Work item
Output the entries below word for word, stopping once the line containing "Ref: Peep toe" is done, and omit each picture.

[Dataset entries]
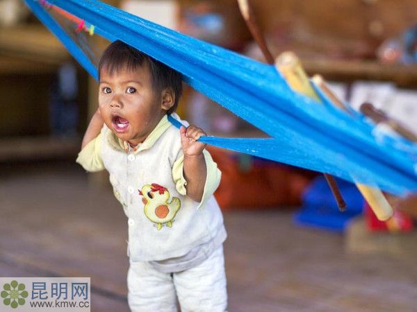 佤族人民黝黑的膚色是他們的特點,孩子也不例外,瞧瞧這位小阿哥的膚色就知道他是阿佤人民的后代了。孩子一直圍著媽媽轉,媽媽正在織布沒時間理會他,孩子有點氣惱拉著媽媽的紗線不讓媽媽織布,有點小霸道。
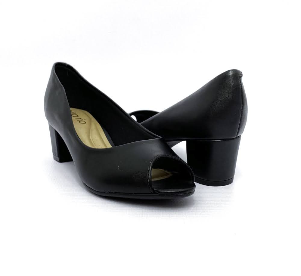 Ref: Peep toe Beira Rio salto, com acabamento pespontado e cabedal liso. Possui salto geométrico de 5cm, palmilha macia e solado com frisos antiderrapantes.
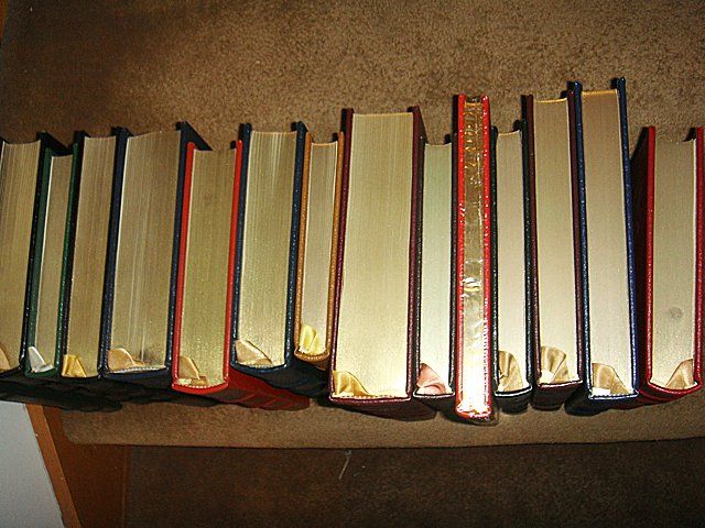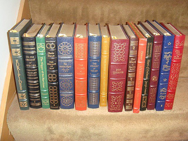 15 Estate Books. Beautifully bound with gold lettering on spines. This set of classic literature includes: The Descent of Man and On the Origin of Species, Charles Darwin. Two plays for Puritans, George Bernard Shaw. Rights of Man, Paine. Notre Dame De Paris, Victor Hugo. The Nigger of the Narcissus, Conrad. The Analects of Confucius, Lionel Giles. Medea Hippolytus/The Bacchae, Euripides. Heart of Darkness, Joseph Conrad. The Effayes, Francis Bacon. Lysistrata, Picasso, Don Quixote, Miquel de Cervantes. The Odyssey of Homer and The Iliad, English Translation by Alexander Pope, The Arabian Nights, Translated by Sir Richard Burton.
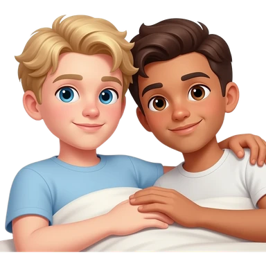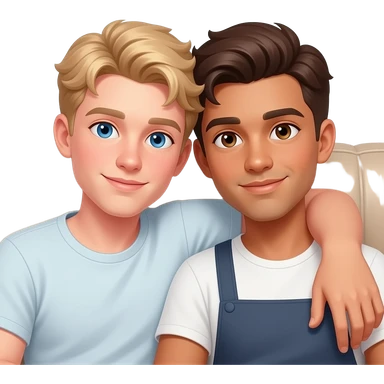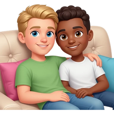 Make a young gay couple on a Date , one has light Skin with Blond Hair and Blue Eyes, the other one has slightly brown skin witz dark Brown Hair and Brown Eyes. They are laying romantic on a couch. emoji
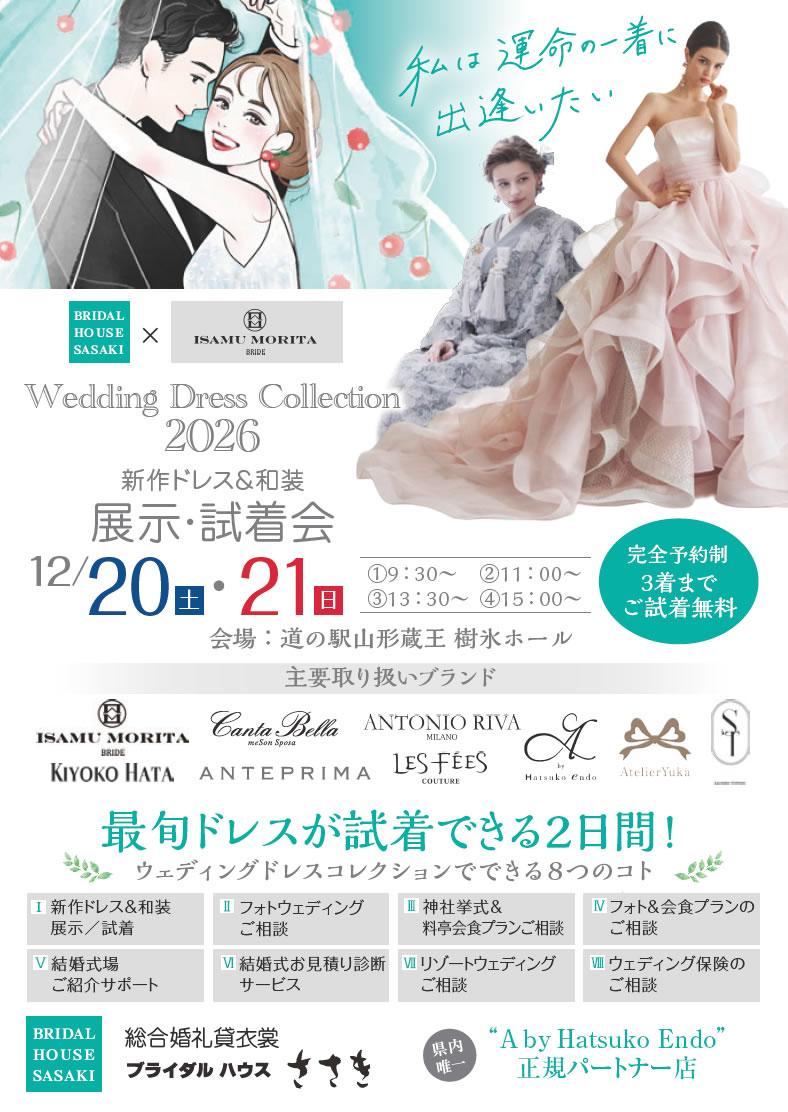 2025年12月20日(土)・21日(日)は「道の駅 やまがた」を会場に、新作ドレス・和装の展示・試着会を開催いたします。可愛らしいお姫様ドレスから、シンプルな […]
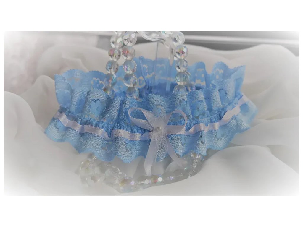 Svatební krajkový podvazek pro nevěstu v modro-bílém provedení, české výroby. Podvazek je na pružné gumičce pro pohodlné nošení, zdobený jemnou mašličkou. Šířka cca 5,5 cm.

Your response
 佤族人民黝黑的膚色是他們的特點,孩子也不例外,瞧瞧這位小阿哥的膚色就知道他是阿佤人民的后代了。孩子一直圍著媽媽轉,媽媽正在織布沒時間理會他,孩子有點氣惱拉著媽媽的紗線不讓媽媽織布,有點小霸道。
 Ref: Peep toe Beira Rio salto, com acabamento pespontado e cabedal liso. Possui salto geométrico de 5cm, palmilha macia e solado com frisos antiderrapantes.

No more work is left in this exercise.